* [About this exercise] The output is the lines below from the one with "Tagua is the" through the one with "Grzechotka zapadkowa zestaw", both included, printed exactly and with no other line.

* [Task inputs]
━━━

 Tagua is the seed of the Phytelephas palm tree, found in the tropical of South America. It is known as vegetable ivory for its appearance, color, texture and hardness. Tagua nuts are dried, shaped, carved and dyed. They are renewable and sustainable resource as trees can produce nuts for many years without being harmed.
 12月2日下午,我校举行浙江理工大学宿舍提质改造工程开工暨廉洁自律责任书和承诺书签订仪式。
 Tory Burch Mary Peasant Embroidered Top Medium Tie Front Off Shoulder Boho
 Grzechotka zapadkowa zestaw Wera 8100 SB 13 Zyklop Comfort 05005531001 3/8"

━━━

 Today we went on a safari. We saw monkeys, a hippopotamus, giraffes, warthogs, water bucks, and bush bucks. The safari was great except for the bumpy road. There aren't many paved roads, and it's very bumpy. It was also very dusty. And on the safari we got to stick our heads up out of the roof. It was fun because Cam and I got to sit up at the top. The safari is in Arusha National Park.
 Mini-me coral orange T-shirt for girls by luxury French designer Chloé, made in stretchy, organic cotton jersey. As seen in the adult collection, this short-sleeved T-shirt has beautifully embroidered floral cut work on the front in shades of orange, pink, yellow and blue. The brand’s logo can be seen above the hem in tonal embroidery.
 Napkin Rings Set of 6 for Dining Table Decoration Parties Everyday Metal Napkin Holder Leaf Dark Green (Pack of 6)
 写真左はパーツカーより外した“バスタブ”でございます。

━━━

* [Result for this task]
 Tagua is the seed of the Phytelephas palm tree, found in the tropical of South America. It is known as vegetable ivory for its appearance, color, texture and hardness. Tagua nuts are dried, shaped, carved and dyed. They are renewable and sustainable resource as trees can produce nuts for many years without being harmed.
 12月2日下午,我校举行浙江理工大学宿舍提质改造工程开工暨廉洁自律责任书和承诺书签订仪式。
 Tory Burch Mary Peasant Embroidered Top Medium Tie Front Off Shoulder Boho
 Grzechotka zapadkowa zestaw Wera 8100 SB 13 Zyklop Comfort 05005531001 3/8"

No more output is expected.